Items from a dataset
════════════════

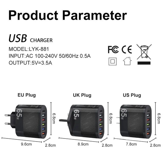 3.1A 5Ports USB Charger PD Charging Adapter For Xiaomi iPhone 13 Samsung Mobile Phone Plug Charging QC 3.0 Wall Charger
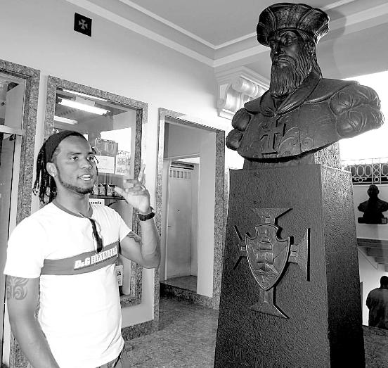 Saindo da sala de troféus, Carlos Alberto vê o busto do navegador Vasco da Gama:
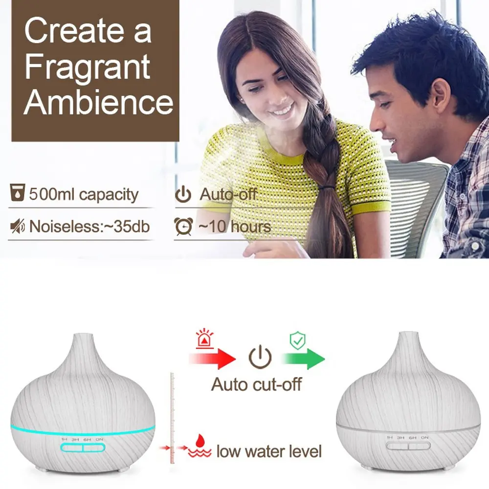 500ml Aromatherapy  Diffuser Wood Grain Remote Control Ultrasonic Air Humidifier Cool 7 Color LED Light
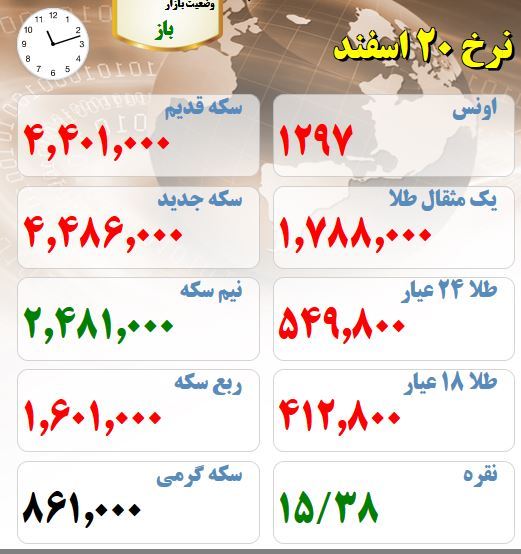 3. قیمت طلا و سکه بیستم اسفند / صبح
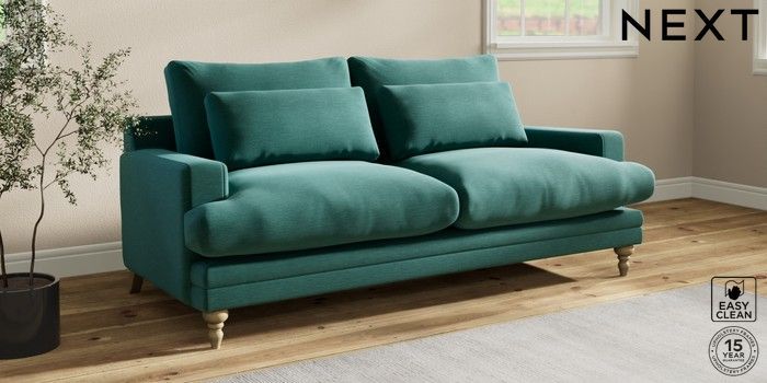7.0.3 Buy Hutton Deep Relaxed Sit 3 Seater Sofa Fine Chenille Easy Clean Dark Juniper Green Country Turned - Light from the Next UK online shop Click here to use our accessible website
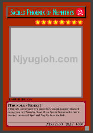 Sacred Phoenix of Nephthys FIRE / Winged Beast / Level 8 / ATK 2400 / DEF 1600 If this card is destroyed by a card effect, Special Summon this card during your next Standby Phase. If you Special Summon this card in this way, destroy all Spell and Trap Cards on the field. SECRET RARE |
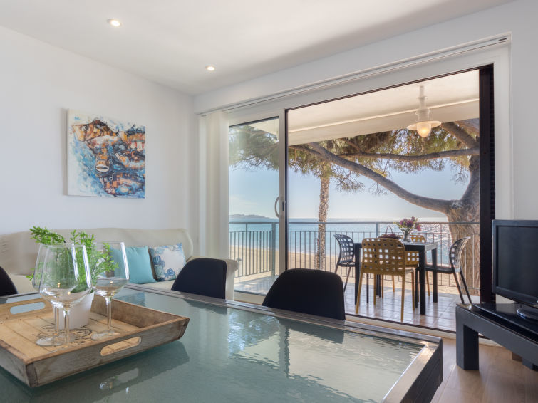 Vilafortuny 1 km van Cambrils: Groot, gezellig flatgebouw "Reus Mediterrani". 10 m van zee, 10 m van het strand, directe toegang tot het strand. Voor medegebruik: openluchtzwembad hoekig omheind (seizoensgebonden beschikbaarheid: 25.Jun. - 10.Sep.). Kinderzwembad, buitendouche, tennisbaan, tafeltennis, kinderspeelplaats, parkeerplaats nr. 61. Winkel, supermarkt, restaurant 300 m, bushalte 5 m. Geen lift. Groepen jongeren uitsluitend op aanvraag.
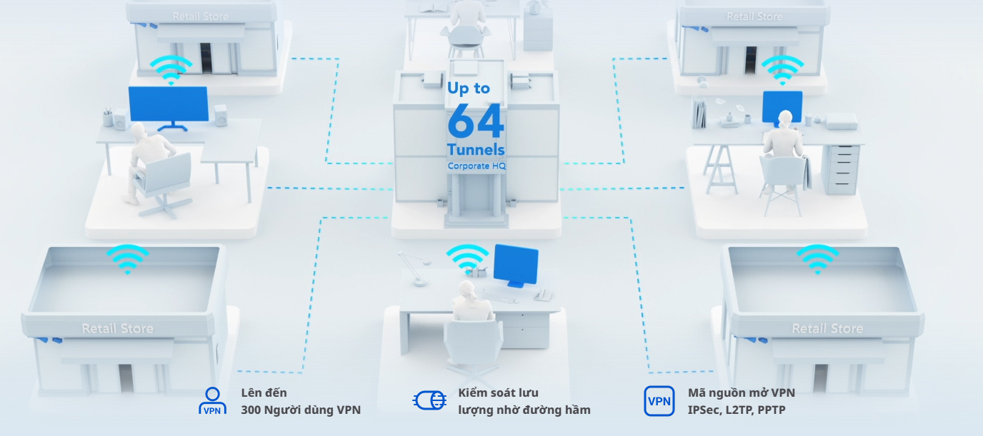 - Cung cấp VPN mạnh mẽ cho các chi nhánh và nhân viên làm việc từ xa
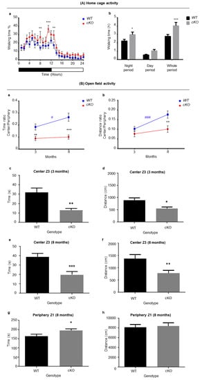 Behavioral analysis revealed several specific traits in cKO mice compared to WT animals. In addition, a series of traits were also correlated to aging in the cKO mice (Supplementary Table S1). In their environment, cKO mice remained active for longer periods of time compared to WT mice during the nocturnal period (Figure 2Aa), particularly at the beginning and at the end of the nocturnal period. This has also been observed in AD mice models, in which mice were found to be hyperactive during the nocturnal phase [,,]. In a novel environment, cKO mice tended to stay in the peripheral zone for longer periods of time when compared to WT mice, which can be a sign of thigmotaxis. Nevertheless, they traveled the same distance at the periphery, which indicates longer immobile periods at the periphery. Together, the observed immobility and thigmotaxis could reflect a form of anxiety. However, the results of the free exploratory paradigm excluded anxiety behavior in cKO mice. Instead, cKO mice exhibited signs of apathy. Interestingly, apathy is also considered to be an early marker for neurodegenerative diseases. In addition, patients with mild cognitive impairment (MCI) exhibiting apathy are at a greater risk of developing AD compared to those with no neuropsychiatric symptoms [].
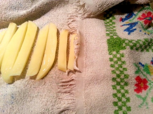 יש לקרר את הצ'יפסים לפני הטיגון על ידי הכנסה לקערה עם מים עם קרח. כשרוצים לטגן, מוציאים מהמים ומייבשים בעזרת מגבת.
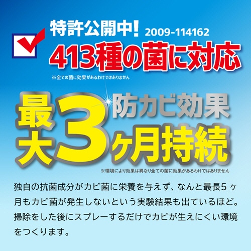 ●メーカー独自の抗菌成分がカビ菌に栄養を与えず、掃除をした後にスプレーするだけでカビが生えにくい環境をつくります。※すべての菌に効果があるわけではありません。
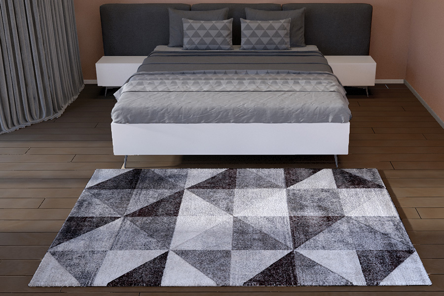 Mang đến sự khác biệt và phong cách cho không gian phòng ngủ của bạn với tấm thảm PR1004. Họa tiết hình học được tạo nên từ sự kết hợp của các khối tam giác và đa giác, sử dụng các sắc thái màu xám và trắng kem, tạo nên một bố cục thị giác độc đáo và hiện đại. Thiết kế này không chỉ làm đẹp sàn nhà mà còn phản ánh gu thẩm mỹ tinh tế của bạn.
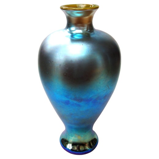 The Steuben Glass Works was cofounded in 1903 in the town of Corning, New York, by Frederick Carder, an alum of celebrated British glassmaker Stevens & Williams and a self-taught English chemist and glassmaker. Carder was a restless experimenter, constantly creating new color formulas that resulted in a wide array of hues, from milky jades to his iridescent Aurene shades. A favorite Carder technique was to acid-etch decorative patterns into pieces made of glass layered in different colors. The forms of his vessels were relatively conservative. Most are based on classic Chinese pottery; many display the flowing, naturalistic lines of the Art Nouveau period.
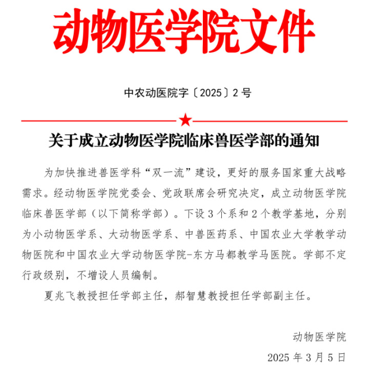 通知提到,為加快推進獸醫(yī)學科“雙一流”建設,更好的服務國家重大戰(zhàn)略需求。經(jīng)動物醫(yī)學院黨委會、黨政聯(lián)席會研究決定,成立動物醫(yī)學院臨床獸醫(yī)學部(以下簡稱學部)。下設3個系和2個教學基地,分別為小動物醫(yī)學系、大動物醫(yī)學系、中獸醫(yī)藥系、中國農(nóng)業(yè)大學教學動物醫(yī)院和中國農(nóng)業(yè)大學動物醫(yī)學院-東方馬都教學馬醫(yī)院。學部不定行政級別,不增設人員編制。夏兆飛教授擔任學部主任,郝智慧教授擔任學部副主任。
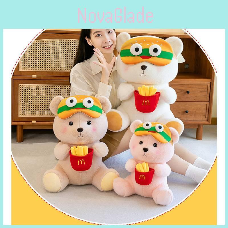Adorable Large Burger And Fries Bear Plush Toy Cute Stuffed Animal Pillow Gift
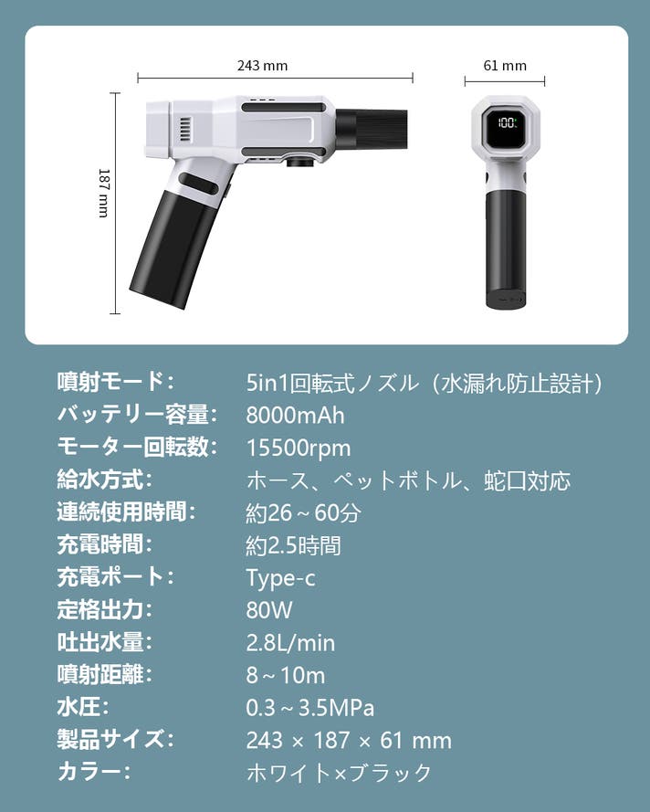 1回のフル充電で、「洗車+お庭+ベランダ」をまとめてキレイに。 バッテリー残量を気にせず使えるので、掃除がもっと気楽に。 Type-C対応なので、スマホの充電器をそのまま使えます。

════════════════

## Directions:
What is needed is an exact repeat of the lines from the one containing "The Steuben Glass" through the last line of the records above, both included, with pictures left out.

## Result for this exercise:
 The Steuben Glass Works was cofounded in 1903 in the town of Corning, New York, by Frederick Carder, an alum of celebrated British glassmaker Stevens & Williams and a self-taught English chemist and glassmaker. Carder was a restless experimenter, constantly creating new color formulas that resulted in a wide array of hues, from milky jades to his iridescent Aurene shades. A favorite Carder technique was to acid-etch decorative patterns into pieces made of glass layered in different colors. The forms of his vessels were relatively conservative. Most are based on classic Chinese pottery; many display the flowing, naturalistic lines of the Art Nouveau period.
 通知提到,為加快推進獸醫(yī)學科“雙一流”建設,更好的服務國家重大戰(zhàn)略需求。經(jīng)動物醫(yī)學院黨委會、黨政聯(lián)席會研究決定,成立動物醫(yī)學院臨床獸醫(yī)學部(以下簡稱學部)。下設3個系和2個教學基地,分別為小動物醫(yī)學系、大動物醫(yī)學系、中獸醫(yī)藥系、中國農(nóng)業(yè)大學教學動物醫(yī)院和中國農(nóng)業(yè)大學動物醫(yī)學院-東方馬都教學馬醫(yī)院。學部不定行政級別,不增設人員編制。夏兆飛教授擔任學部主任,郝智慧教授擔任學部副主任。
Adorable Large Burger And Fries Bear Plush Toy Cute Stuffed Animal Pillow Gift
 1回のフル充電で、「洗車+お庭+ベランダ」をまとめてキレイに。 バッテリー残量を気にせず使えるので、掃除がもっと気楽に。 Type-C対応なので、スマホの充電器をそのまま使えます。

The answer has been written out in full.